Work order => Take from the entries below the stretch from the line with "Chiusura con bottone" through the line with "毎回白髪染めの色を変えるお客", and return it exactly, leaving the pictures out.

══ Records for the task

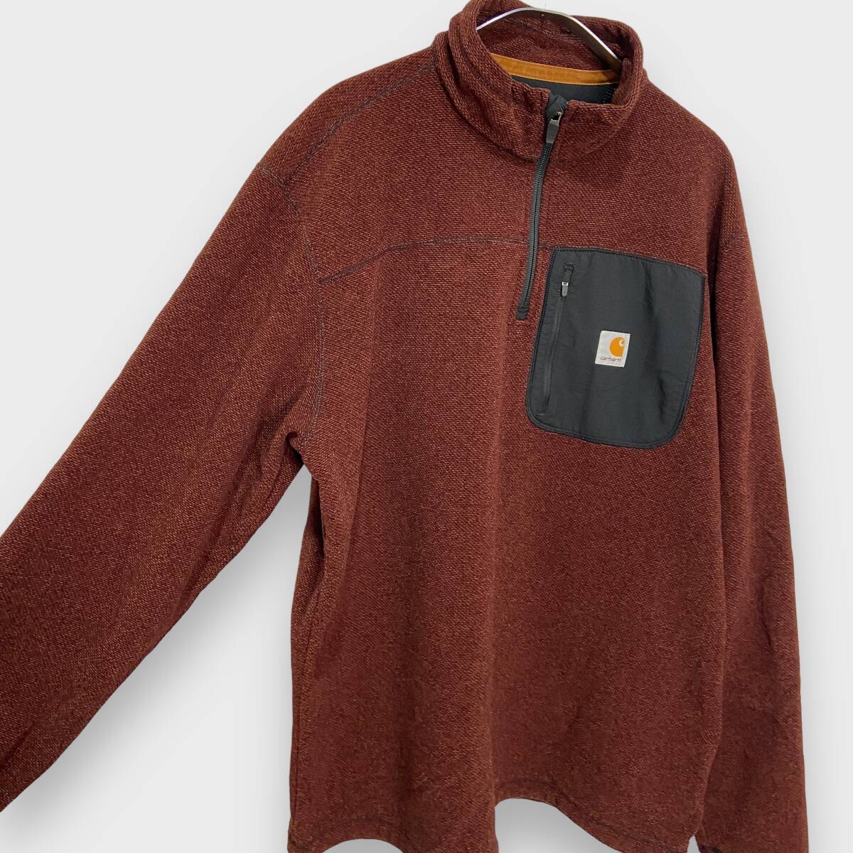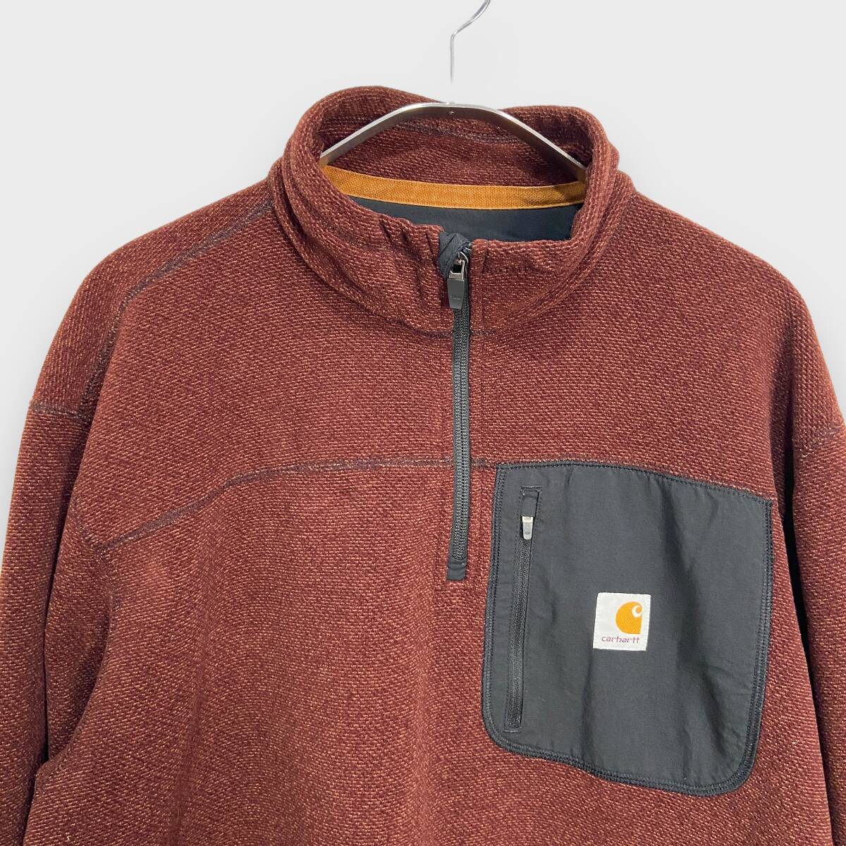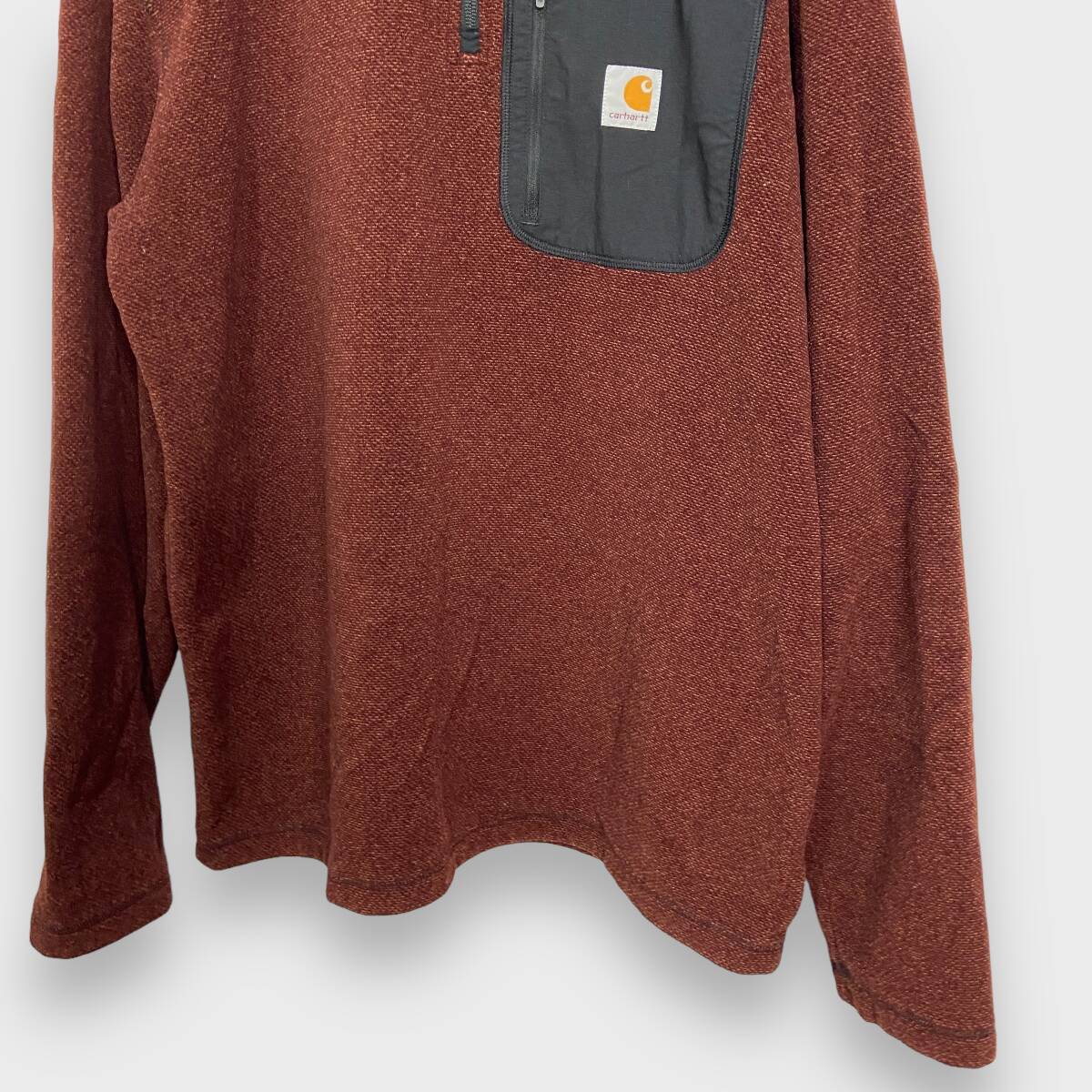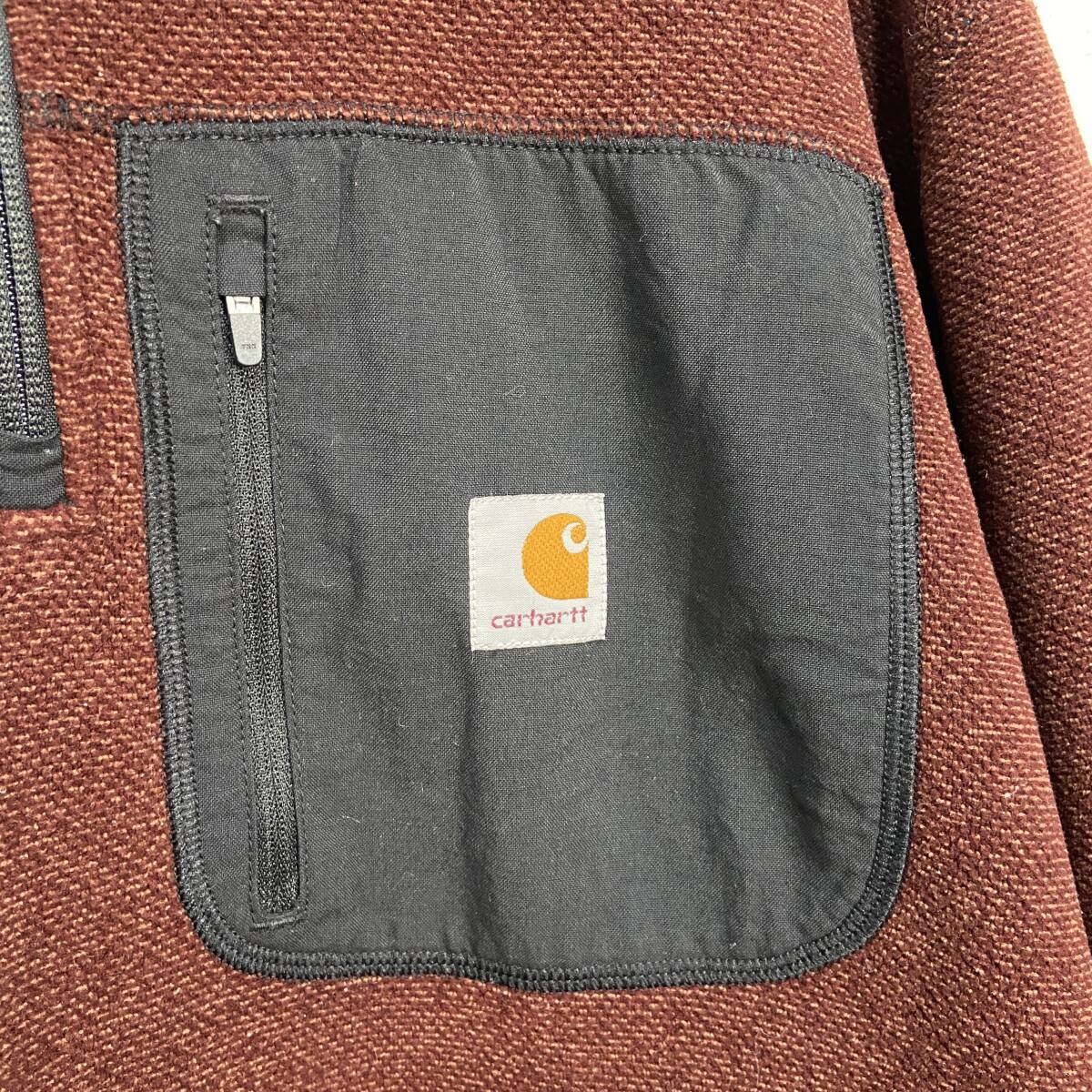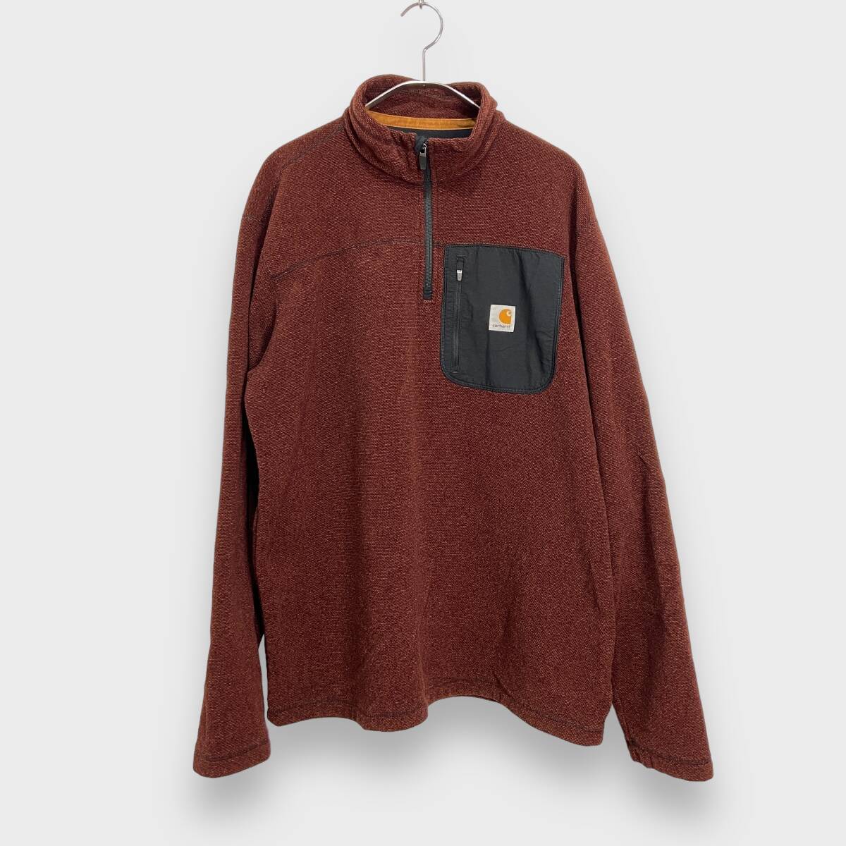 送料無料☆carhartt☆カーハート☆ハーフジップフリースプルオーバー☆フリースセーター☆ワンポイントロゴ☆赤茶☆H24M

════
══ Records for the task

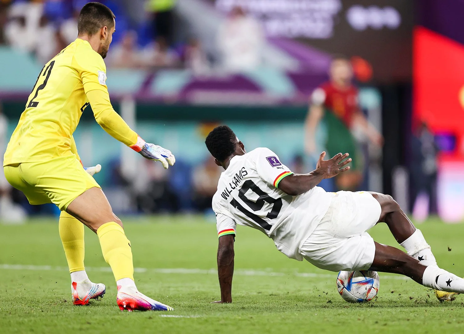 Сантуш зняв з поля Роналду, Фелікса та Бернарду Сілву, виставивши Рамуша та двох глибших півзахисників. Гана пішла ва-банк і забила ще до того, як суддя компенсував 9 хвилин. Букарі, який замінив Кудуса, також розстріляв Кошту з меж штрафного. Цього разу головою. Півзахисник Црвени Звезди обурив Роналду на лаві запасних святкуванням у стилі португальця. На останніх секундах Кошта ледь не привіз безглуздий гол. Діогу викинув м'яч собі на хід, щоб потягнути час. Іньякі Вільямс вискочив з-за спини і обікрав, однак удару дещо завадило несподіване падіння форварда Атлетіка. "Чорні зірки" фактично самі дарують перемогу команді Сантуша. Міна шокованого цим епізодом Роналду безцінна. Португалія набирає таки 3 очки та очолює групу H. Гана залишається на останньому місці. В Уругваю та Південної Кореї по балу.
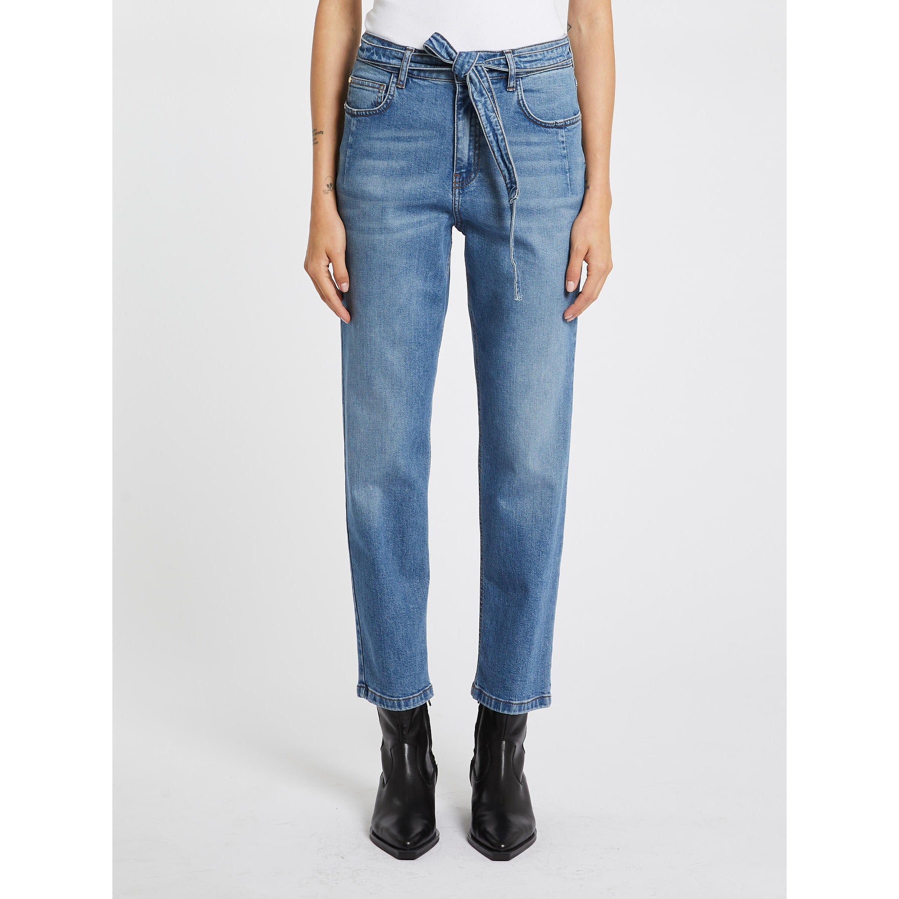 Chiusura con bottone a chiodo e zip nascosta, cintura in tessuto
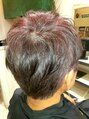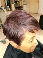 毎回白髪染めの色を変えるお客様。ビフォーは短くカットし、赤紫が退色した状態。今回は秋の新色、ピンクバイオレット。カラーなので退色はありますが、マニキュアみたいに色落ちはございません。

════

Task answer =>
 Chiusura con bottone a chiodo e zip nascosta, cintura in tessuto
 毎回白髪染めの色を変えるお客様。ビフォーは短くカットし、赤紫が退色した状態。今回は秋の新色、ピンクバイオレット。カラーなので退色はありますが、マニキュアみたいに色落ちはございません。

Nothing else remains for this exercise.